I've had the car 3 years, this is new behavior. It's slept fine for 3 years, now it suddenly isn't. I haven't had any Tesla app open on my phone in a week.
 
OK, I did a complete shutdown through the Safety and Security menu. I left the car shutoff for about 15 minutes and then rebooted. After running some errands the car shut down about an hour after it finished recharging.

It was in some kind of state where it wouldn't go to sleep, even after a pushing the wheels reboot. Very weird.
 
The problem doesn't seem to be resolved. I now need to manually shutdown the car when it's done charging. It went to sleep on its own once, but now needs to be put to sleep each time.
I recently had the same problem. What worked for me? Changing my Tesla password. I was logged in from the Tesla app and Remote S from multiple devices, plus I use teslafi. None on its own should keep the car awake, but apparently one of them was. Resetting my password forced them all to lose their session, and suddenly the car started sleeping.
 
I recently had the same problem. What worked for me? Changing my Tesla password. I was logged in from the Tesla app and Remote S from multiple devices, plus I use teslafi. None on its own should keep the car awake, but apparently one of them was. Resetting my password forced them all to lose their session, and suddenly the car started sleeping.

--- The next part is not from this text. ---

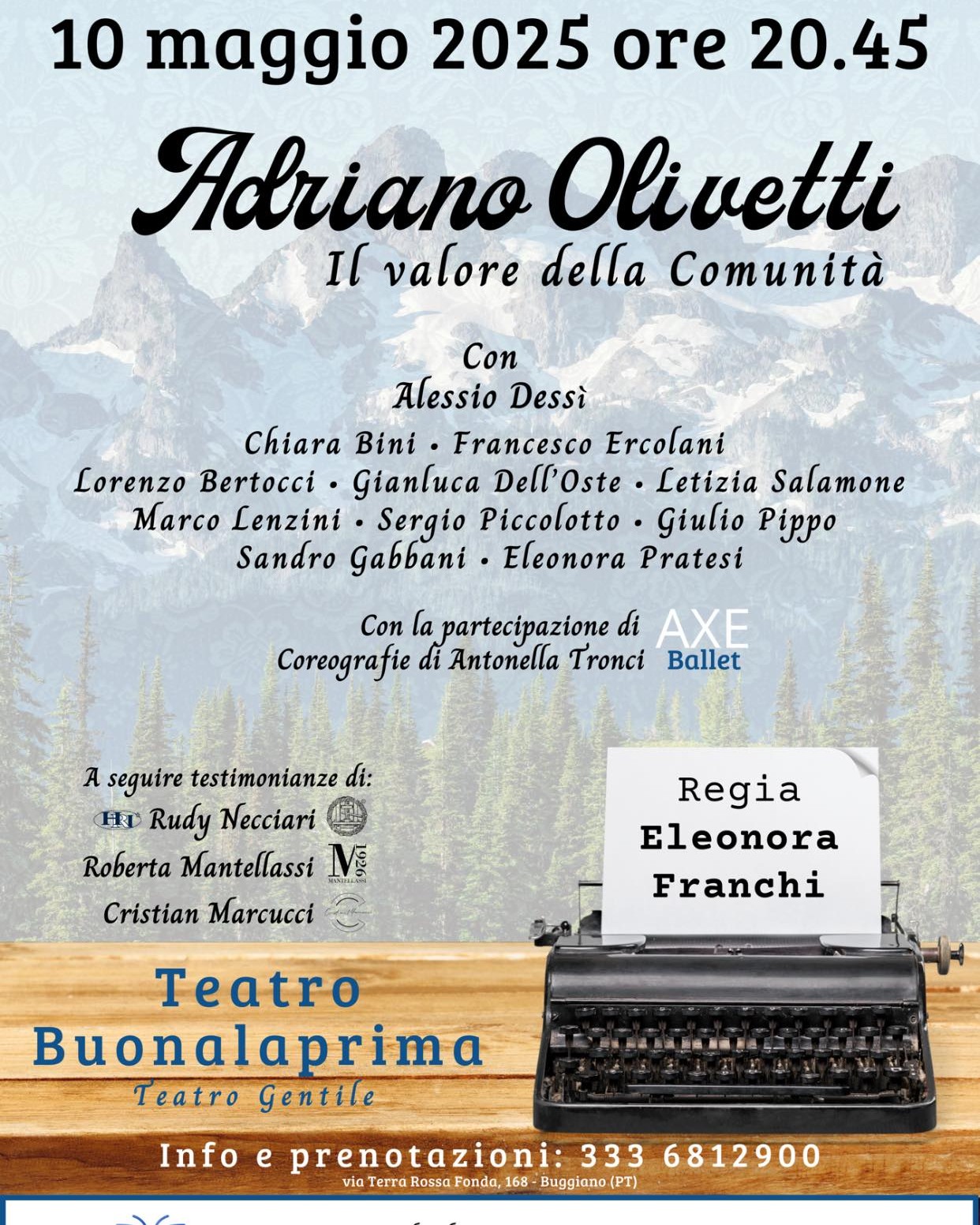 Sabato 10 maggio 2025, alle ore 20.45, presso il Teatro Buonalaprima, incontro Adriano Olivetti. Il valore della Comunità.

Interesting, I just changed the password. It's worth a shot.
 
The tech came out Friday and he ran diagnostics but didn't get anywhere. He mentioned that the car is supposed to stay on when plugged in, but it didn't start doing this until an update I believe in late July. If they did make this change, they broke the functionality.

Ever since I got the car in 2016 normal procedure is to leave the car plugged in when I'm at home. This is what Tesla recommended at the time. Normal behavior was to charge up to 90% (where I had it set), then sit for an hour or so with the instrument screen on, then it would shut off and go to sleep. I would normally see about 1 mile a day range loss in this situation. If the car sat for more than a couple of days it would charge back up to 90% again.

I believe the change started with 2019.24.4. When plugged in the instrument screen would never shut down and vampire drain went up to about 5 miles a day.

After the tech left, I ran an errand, and the car had finished charging I experimented going out there and unplugging the car. The instrument screen immediately shut off and the car lost less than a mile in the 16-18 hours it sat before I drove it Saturday. After getting home on Saturday I again unplugged the car when it finished charging.

It appears either something broke in the way the car works or they made an undocumented software change. It is consistent enough that it doesn't make sense that this is only my car, but I haven't seen anyone else mention it, so I can't conclude they made a software change.

Does anyone else see this change in behavior?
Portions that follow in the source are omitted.